No one had strained fencing wire on this property. Vern Hooper may have used it when he’d owned his farm. Paddy’s grandfather still owned his farm.
‘Give it to your grandfather. There’s an old crowbar in the corner. Take it too, if it’s any use to you. I can’t lift it. Take those shovels if you can use them. What’s left in here when I move out will end up at the tip,’ she said.
He backed his ute in then to load the router and wire strainer, he squashed a few red-backs beneath his working boot when he reached for a massive pair of multigrips he might be able to use. He took what he named a good post-hole digging shovel and the long iron crowbar, picking it up as if it were a toothpick. He took two rolls of fencing wire, then stood there patting Lila while glancing from time to time towards the house.

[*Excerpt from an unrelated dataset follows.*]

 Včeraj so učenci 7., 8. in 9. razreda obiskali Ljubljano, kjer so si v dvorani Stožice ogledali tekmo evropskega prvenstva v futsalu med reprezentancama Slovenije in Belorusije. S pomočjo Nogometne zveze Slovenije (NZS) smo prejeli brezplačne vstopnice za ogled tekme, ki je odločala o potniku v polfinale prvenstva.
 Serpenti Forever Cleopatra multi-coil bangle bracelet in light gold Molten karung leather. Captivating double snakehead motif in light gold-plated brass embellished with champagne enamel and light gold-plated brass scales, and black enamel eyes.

There weren’t many Lila allowed to pat her. Maybe she’d picked up the scent of her siblings on Paddy’s working trousers. His father had trained two of her litter mates to round up his sheep.

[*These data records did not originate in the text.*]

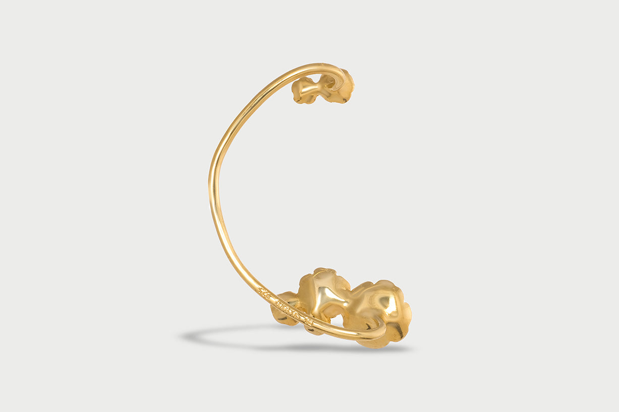 The Maxi ear cuff adapts perfectly to the shape of your ear. The rear wire is adjustable: you can stretch or tighten it according to your needs for a personalized fit. For ease of wearing, we recommend starting from the top of the ear, sliding it gently downwards and slightly pulling on the lobe to make the lower part adhere.
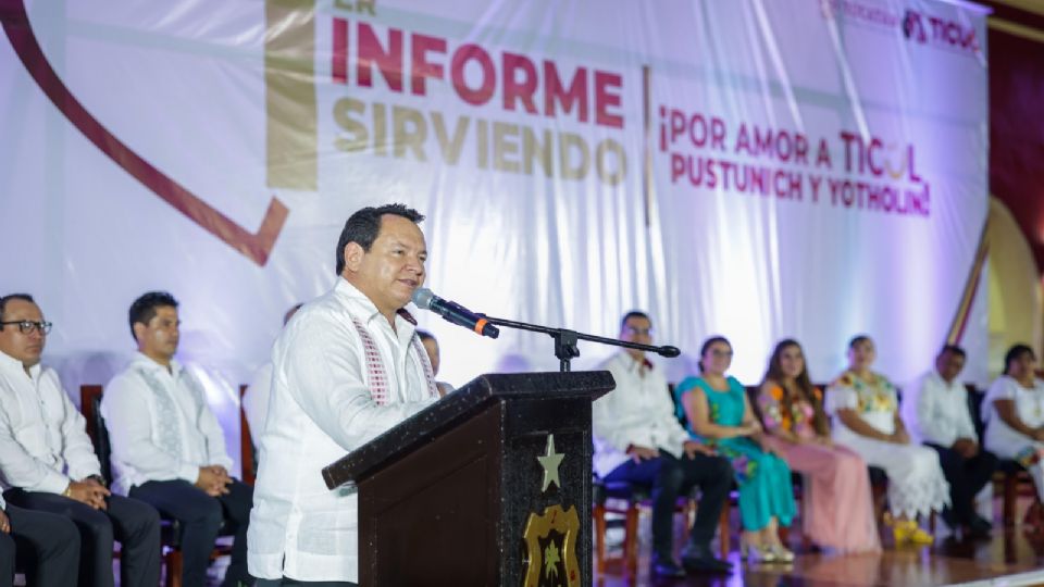 En sesión solemne del Cabildo de Ticul y en compañía de su esposa, la presidenta honoraria del DIF Yucatán, Wendy Méndez Naal, el Gobernador felicitó al alcalde y a su equipo por el esfuerzo, las acciones y los resultados obtenidos durante el primer año de gestión.
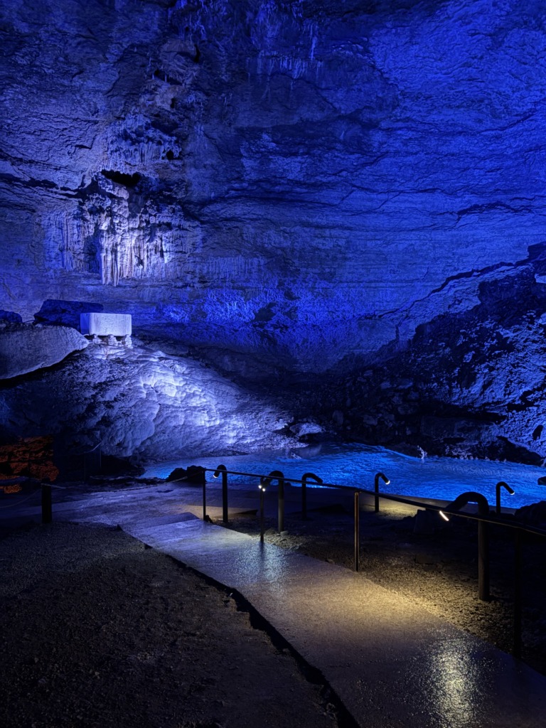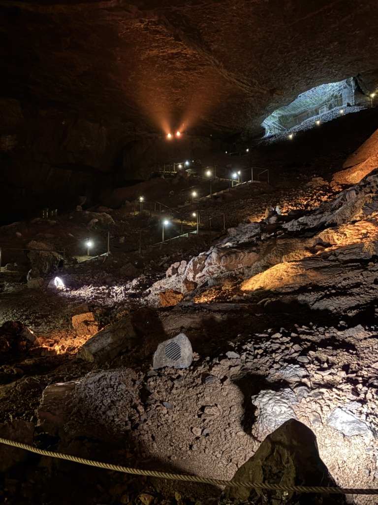 Donc c’est un gouffre… Plutôt impressionnant, avec ses plus de 150 marches raides à descendre pour accéder au bas de la doline et ses 100 autres marches pour descendre au fond et faire le tour de la salle souterraine, à 7°C.

‘Just thinking, Mrs Hooper. Those blokes setting up their museum would like to have a poke around in here. Want me to have a word to them for you?’
‘Have a word with anyone, Paddy. I’m thinking of hanging a Help Yourself sign on my fence,’ she said.
‘Don’t go doing that. You’ll end up with every Duffy in a fifty-k radius helping himself to more than what’s in your shed.’ He nodded towards the house. ‘Anything you want me to do about . . .’
‘She has to do it, Paddy. No one can do it for her. We’re going for a walk, aren’t we, darlins?’ she said to her boys.
They followed the ute out to Hooper Street. He turned towards Three Pines Road so they followed him to it. He turned right. They turned left and walked by the hotel. No sign of that silver–blue van, so they walked on down to the takeaway shop, to the smell of fish and chips. Her boys had become addicted to hot chips and potato cakes at a young age. She had ten dollars so ordered ten dollars’ worth of chips and potato cakes, and when the money and the hot parcel changed hands, they walked east to Harry’s bungalow. He’d have the very necessary tomato sauce.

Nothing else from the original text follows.